Decentralized Finance: Landscape and Future Directions

Presented by Jeremy Clark as a part of the 2020 Serene-risc Workshop on The State of Canadian Cybersecurity Conference: Human-Centric Cybersecurity

About the presentation

Somewhat quietly, entrepreneurs have been reinventing financial services on the public blockchain Ethereum. Services include CAD and USD-backed currency, exchanges and margin trading, securities and derivatives, and credit and lending. Going under the moniker of decentralized finance (DeFi), these services are open to anyone in the world with little to no regulation.
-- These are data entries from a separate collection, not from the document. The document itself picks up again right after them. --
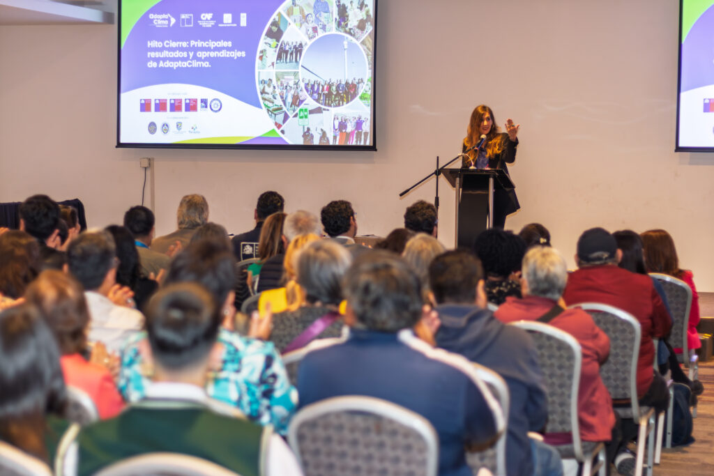 “Estamos presenciando el término del proyecto AdaptaClima, el cual que ha dejado importantes y grandes resultados que nos dejan muy contentos y contentas. Porque sabemos que va a haber una continuidad y una sostenibilidad de lo que ha logrado esta iniciativa”, destacó la Jefa del Departamento de Medio Ambiente y Desarrollo Sostenible del Programa de las Naciones Unidas para el Desarrollo en Chile, Paloma Toranzos.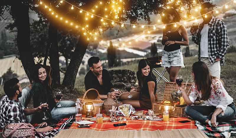 與dress code一樣,確保野餐布置風格可以從野餐籃、野餐墊、餐具、食物風格做主題發想。例如紅白格紋的野餐墊就非常適合熱鬧的田園蔬果沙拉與健康輕食。而白色Party就能採用編織麻布野餐墊以及手感風格強烈一點的佈置來強調波希米亞有點狂野的自然風格。別忘了試著在野餐時帶上一束美麗的鮮花,也能讓整體佈置更顯優雅!如果會一路玩到傍晚,也不妨嘗試用小燈泡串或是蠟燭來增添氣氛吧!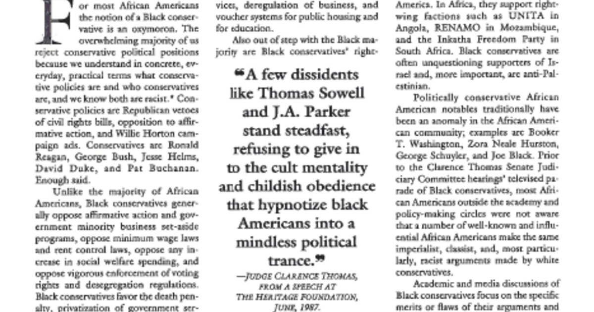 For most African Americans the notion of a Black conservative is an oxymoron. The overwhelming majority of us reject conservative political positions.
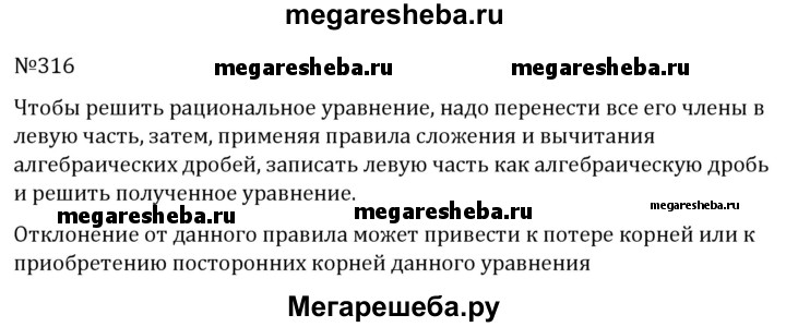 316. По какому правилу решают рациональные уравнения? Что может произойти при отклонении от этого правила?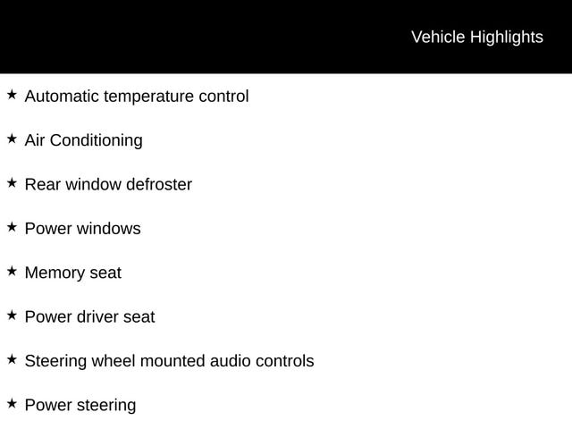 - Memory seat, Power driver seat, Power steering, Power windows, Remote keyless entry, Steering wheel mounted audio controls, Speed control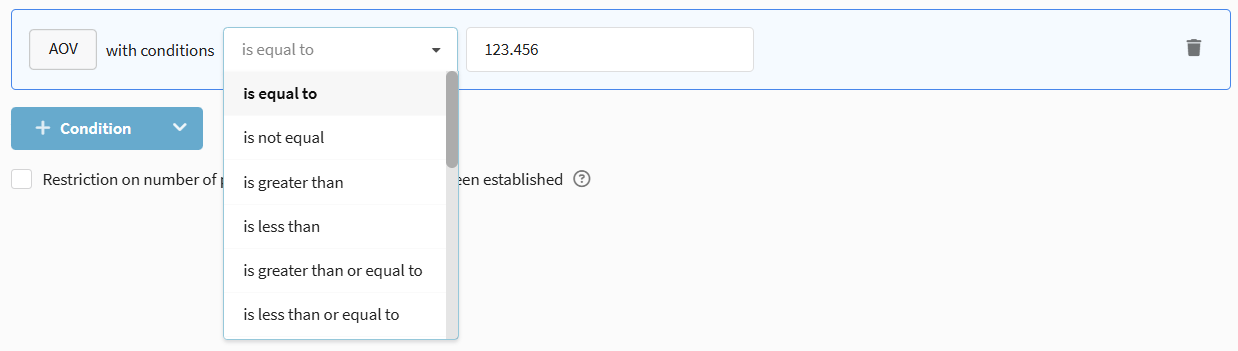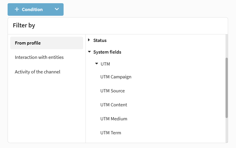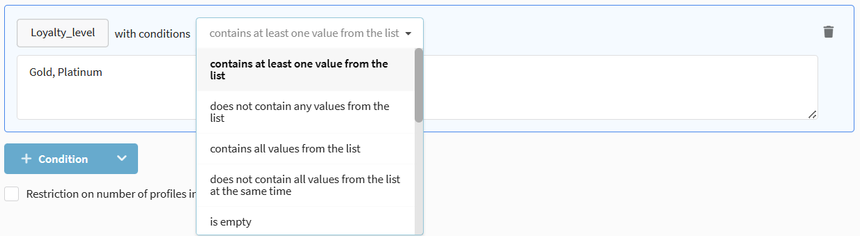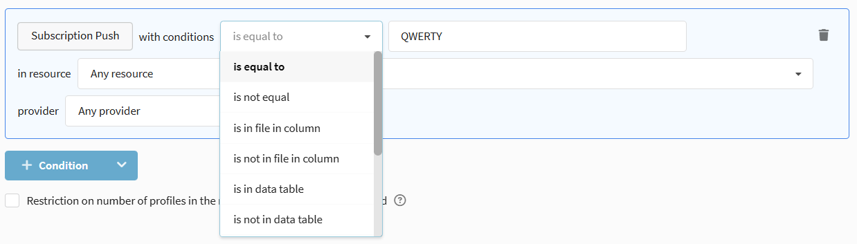 A unique identifier for each customer profile. Options available: Is equal to / Is not equal to, as well as checks for presence/absence of the identifier in lists and external sources (file, SQL, API).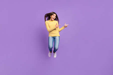 Full length body size view of attractive fit trendy girl jumping having fun action isolated on bright violet purple color background
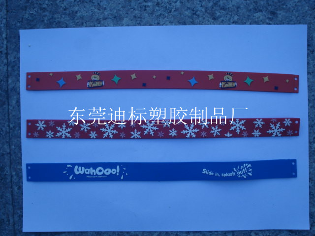 pvc手腕帶采用pvc軟膠制成,美觀大方,形象逼真,時尚高檔.是您送給心儀姑娘理想禮品.也是廠家廣告宣傳的時尚贈品.規(guī)格、顏色、卡通形象可根據(jù)客戶要求定做.個人飾品、商務禮品,腕帶還是彰顯個性的好飾品,比如一個晚會派對,主辦方會給每位客人發(fā)一個夜光腕帶,能大大增加現(xiàn)場的氣氛。除了可加印logo外,廠家還能在腕帶上印制各種圖案、制造凸凹效果,而且顏色各異,是目前廣告促銷或公益宣傳首選!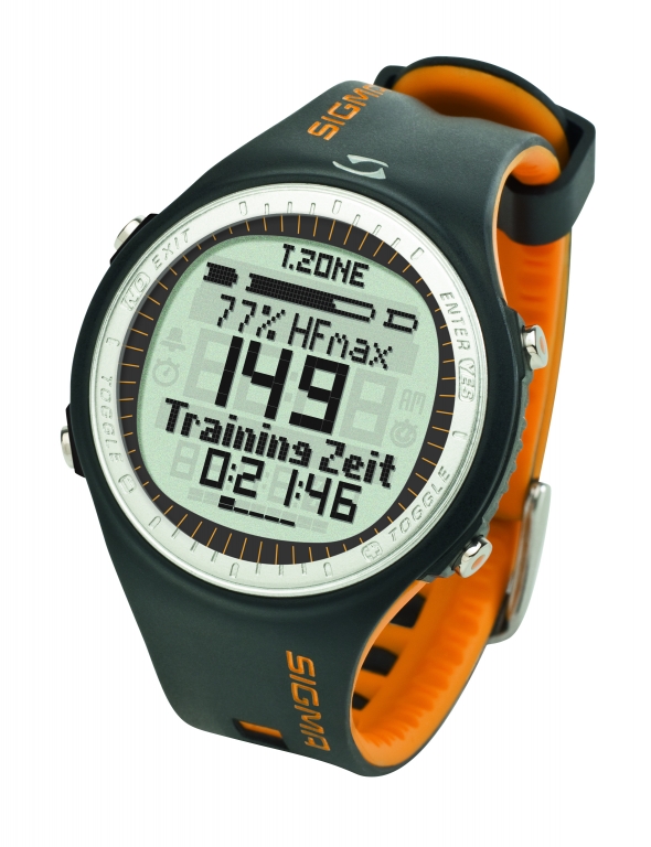 SIGMA PC 25.10 Sporttester ist eine Neuheit vom deutschen Hersteller Sigma. Der Sporttester verfügt über ein großes und übersichtliches LCD Display mit blauer Hintergrundbeleuchtung und vielen Funktionen. Zu den Grundfunktionen gehören Stoppuhr, Timer, Wecker, Pulsfrequenzüberwachung und einstellbare Trainingsprogramme wie Kalorienverbrauch, individuelle oder Fitness Programme. Ein Bestandteil des Sporttesters Sigma PC 25.10 ist ein komfortabler Brustgurt mit einer einfachen Befestigung. Sporttester wird in zwei Farbausführungen geliefert – orange und grau.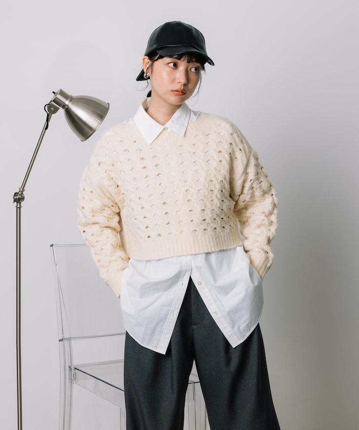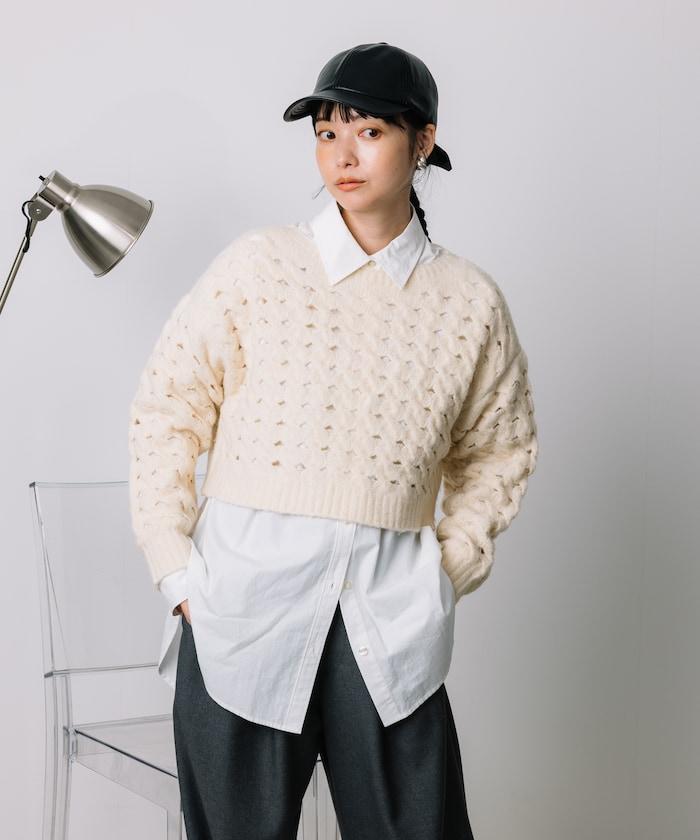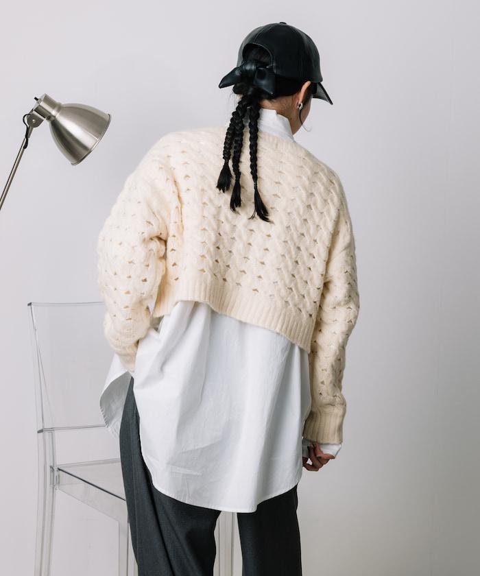電纜編織的針織衫是一種有趣的內搭疊穿方式。

In this talk, we will illustrate the DeFi landscape through the lens of a February 2020 cybersecurity attack on a DeFi margin trading platform called bZx. While the attack only netted $350K USD (a small payout compared to the hundred millions stolen from the Bitcoin exchange Mt. Gox), various details of the attack demonstrate stark differences between DeFi and traditional finance. The attack was baroque, with cash flows and arbitrage arrangements made across five independent DeFi services, yet took only seconds to completely clear and settle. It cost under $200 USD in transaction fees, including a collateral-free “flash” loan of over $2M USD worth of cryptocurrencies used to leverage the attack. With the total investment in DeFi services on Ethereum eclipsing $1B USD and growing, it is time for the security, finance, and regulatory worlds to take notice and collaborate on a plan to protect consumers.

About the speaker

Jeremy Clark is an associate professor at the Concordia Institute for Information Systems Engineering. At Concordia, he holds the NSERC/Raymond Chabot Grant Thornton/Catallaxy Industrial Research Chair in Blockchain Technologies. He obtained his PhD from the University of Waterloo, where his gold medal dissertation was on designing and deploying secure voting systems including Scantegrity—the first cryptographically verifiable system used in a public sector election. He wrote one of the earliest academic papers on Bitcoin, completed several research projects in the area, and contributed to the first textbook. Beyond research, he has worked with several municipalities on voting technology and testified to both the Canadian Senate and House finance committees on Bitcoin.